Таким образом, кажется, вопрос кем является девочка в шляпе решен удовлетворительно. Конечно, кто знает, какие еще неожиданности могут возникнуть в дальнейшем, но внутреннее чутье подсказывает, что, вероятно, на этот раз ошибки не произошло.
Удалось решить вопрос и о происхождении картины. На ее подрамнике оказалась слабая карандашная надпись, представлявшая собой адрес. По-видимому, она была написана либо лицом, продавшим картину, для удобства ее доставки покупателю, либо с той же целью реставратором, вероятно, отправлявшим ее владельцу со своим подручным. Никакой фамилии при этом адресе не было. Взяв дореволюционный справочник «Весь Петербург», я убедилась, что данный адрес принадлежал барону Д. Г. Гинзбургу, одному из известных любителей искусства. У Д. Г. Гинзбурга не было коллекции живописи в полном смысле этого слова, но, обладая вкусом и средствами, он приобретал отдельные понравившиеся ему картины. Где он приобрел «Девочку в шляпе», выяснить не удалось.

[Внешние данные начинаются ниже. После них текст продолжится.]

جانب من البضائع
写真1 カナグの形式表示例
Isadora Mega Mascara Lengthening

Но все же одна проблема, относящаяся к портрету, так и осталась неразрешенной. Ведь, если существуют две совершенно одинаковые картины, ясно, что одна из них - подлинник, вторая - авторское повторение или копия какого-нибудь другого художника. Ясно по качеству нашей картины, что она - не копия, но вот который экземпляр - наш, или принадлежащий князю Югославскому, - является основным, первым, который - повторением, решить, не видя второй картины и не исследовав ее, я не могу. Вуаля часто просили сделать собственноручные повторения его произведений, а также нередко копировали. Особенно часто это происходило в больших семьях, где портрет повторялся для родителей или для других, желающих его иметь родственников.

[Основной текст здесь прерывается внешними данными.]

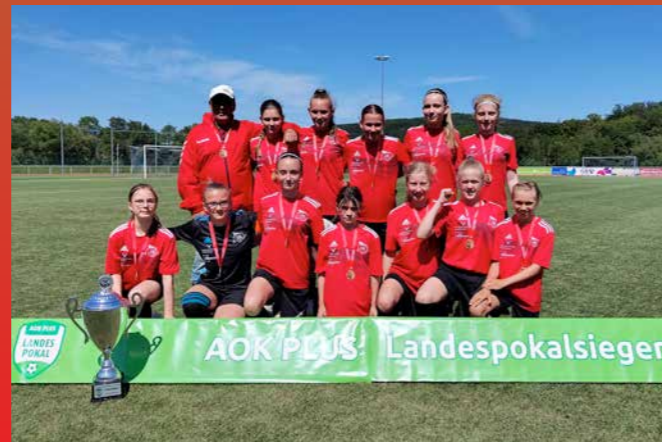
D-Juniorinnen ESV Lok Meiningen

Как будто все, что касается «Девочки в шляпе», мной рассказано. Большего я не знаю о ней и сама, но еще в начале повествования я предупредила, что до поры до времени откладываю разбор небезынтересной темы - а почему английский каталог игнорирует нашу картину и ее атрибуцию? Попытаюсь сформулировать свои предположения на этот счет, тем более, что они, как мне кажется, подтвердят мое мнение о факторах, мешающих существованию портрета. С моей точки зрения, в данном случае налицо нежелание нарушать традиционное определение картины. Чтобы читателю было ясно, что я хочу этим сказать, придется, как это ни странно, немного разобраться в родословной князя Югославского, владельца лондонской картины. Его мать происходила из семьи Демидовых. Картина находилась в собрании, принадлежащем этому дому (собрание семейных портретов Демидовых, вилла Пратолино, около Флоренции). Если вы помните, Елизавета Строганова, о которой пишет английский каталог, в замужестве - Демидова. Она была младшей сестрой той самой Екатерины, которую мы узнали в портрете «Девочки в шляпе». Ничего удивительного нет в том, что в собрании Елизаветы Демидовой был портрет старшей сестры. Со временем в собрании Демидовых забылось, кого из сестер Строгановых изображал детский портрет. Имя старшей сестры заступило имя младшей, как более известное и близкое, как имя представительницы семьи Демидовых. Теперешние владельцы, вероятно, самым искренним образом убеждены, что владеют портретом прабабки, а вовсе не ее старшей сестры.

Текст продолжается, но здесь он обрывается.